10. andBeyond Nxabega Okavango Tented Camp

andBeyond nxabega botswana luxury safari

Location: Okavango Delta, Botswana

Starting rate per night: $835 per person

Nxabega Okavango Tented Camp is a Botswana safari resort on 61,000 acres of exclusive land. There are nine tents, each with a veranda and an al fresco shower. 

9. Naladhu Private Island


Location: South Male Atoll, Maldives

Starting rate per night: $948

Twenty houses, each with a private pool, make up the private island of Naladhu. With “blissful seclusion” at the center of its mission statement, the island has a 24-hour butler service, private dining, and in-residence spa experiences.

8. Deplar Farm

deplar farm iceland

Location: Ólafsfjörður, Iceland

Starting rate per night: $2,612

Deplar Farm is a lodge on a converted sheep farm that features just 13 guest suites and a state-of-the-art spa. Typical activities in the area include heli-skiing and salmon fishing.

7. Dromoland Castle Hotel & Country Estate


Location: Co. Clare, Ireland

Starting rate per night: $275

Dromoland Castle, the ancestral home of the prominent O’Brien family dating back to the 16th century, became a resort in the 1960s. Popular activities include falconry, horseback riding, and archery.

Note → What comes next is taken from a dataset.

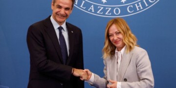 «Δεν είχαμε μία τυπική διπλωματική συνάντηση, αλλά μία ουσιαστική ευκαιρία να συντονίσουμε το βηματισμό μας με μεράκι για όλα τα ζητήματα από τις περιφερειακές εξελίξεις έως τη Μετανάστευση» υπογράμμισε ο πρωθυπουργός, Κυριάκος Μητσοτάκης, στις κοινές του δηλώσεις με την Ιταλίδα ομόλογο του, Τζόρτζια Μελόνι, μετά την ολοκλήρωση των εργασιών του Ανωτάτου Συμβουλίου Συνεργασίας Ελλάδος και Ιταλίας, αλλά και τη συνάντηση των δύο ηγετών. «Μοιραζόμαστε βαθύτατους πολιτικούς ιστορικούς και οικονομικούς δεσμούς που ενώνονται από κοινές προκλήσεις σε ένα κόσμο αυξημένης αβεβαιότητας» προσέθεσε.

There is also a full-service spa and an award-winning golf course.

6. Richard’s River Camp

richards camp masai mara kenya

Location: Masai Mara National Reserve, Kenya

Starting rate per night: Only available upon request

Established in 2006 as a getaway for a young conservationist couple, Richard’s River Camp is a seven-tent resort that accommodates 16 people at a time. The intimate resort was entirely furnished and decorated by the couple with fabrics and pieces collected through their own travels. The camp offers driven safaris, bush walks, and even hot air balloon flights.

5. Adare Manor

golf at adare manor

Location: Limerick, Ireland

Starting rate per night: $384

A two-hour drive from Dublin, the Adare Manor is located on 840 acres of private green. There is an award-winning golf course and a Michelin star restaurant on site, as well.

4. InterContinental Danang Sun Peninsula Resort

infinity pool intercontinental vietnam

Location: Da Nang, Vietnam

Starting rate per night: $389

The InterContinental’s Danang Sun Peninsula Resort is a beachfront property nestled in a nature reserve and close to UNESCO World Heritage sites. The resort has amenities like half a mile of private beach and a wide array of spa treatments, from holistic therapies to pedicures.

3. Chindeni Bushcamp

Chindeni Bushcamp

 Location: South Luangwa National Park, Zambia

Starting rate per night: Only available upon request

Overlooking a hippo lagoon, Chindeni is a bushcamp retreat. It consists of four canvas lodges that can accommodate eight guests. The resort runs on solar power and is only open from May to December. 

2. L’Horizon Resort & Spa


Location: Palm Springs, California

Starting rate per night: $410

L’Horizon is made up of 25 bungalows that were all designed to feel like private residences, with different finishes and furnishings. The property was built in 1952 as a getaway for Hollywood producer Jack Wrather. There, he hosted guests like Marilyn Monroe and Ronald Reagan. It was redesigned as a luxury resort, complete with al fresco dining and an expansive spa, in 2015. It is the only US resort to make the top of Conde’s list.

1. Sirikoi Lodge

Sirikoi lodge

Location: Lewa Wildlife Conservancy, Kenya

Starting rate: Only available upon request

Situated on 68,000 acres of wilderness in Northern Kenya, Sirikoi Lodge was built by a conservationist couple. It can accommodate 18 guests and its intimate setup includes one main lodge, a cottage, and four elevated tents, all with private outdoor decks. A staff of 68 people facilitates all lodge activities, including bush walks, game drives, helicopter excursions, and private dining.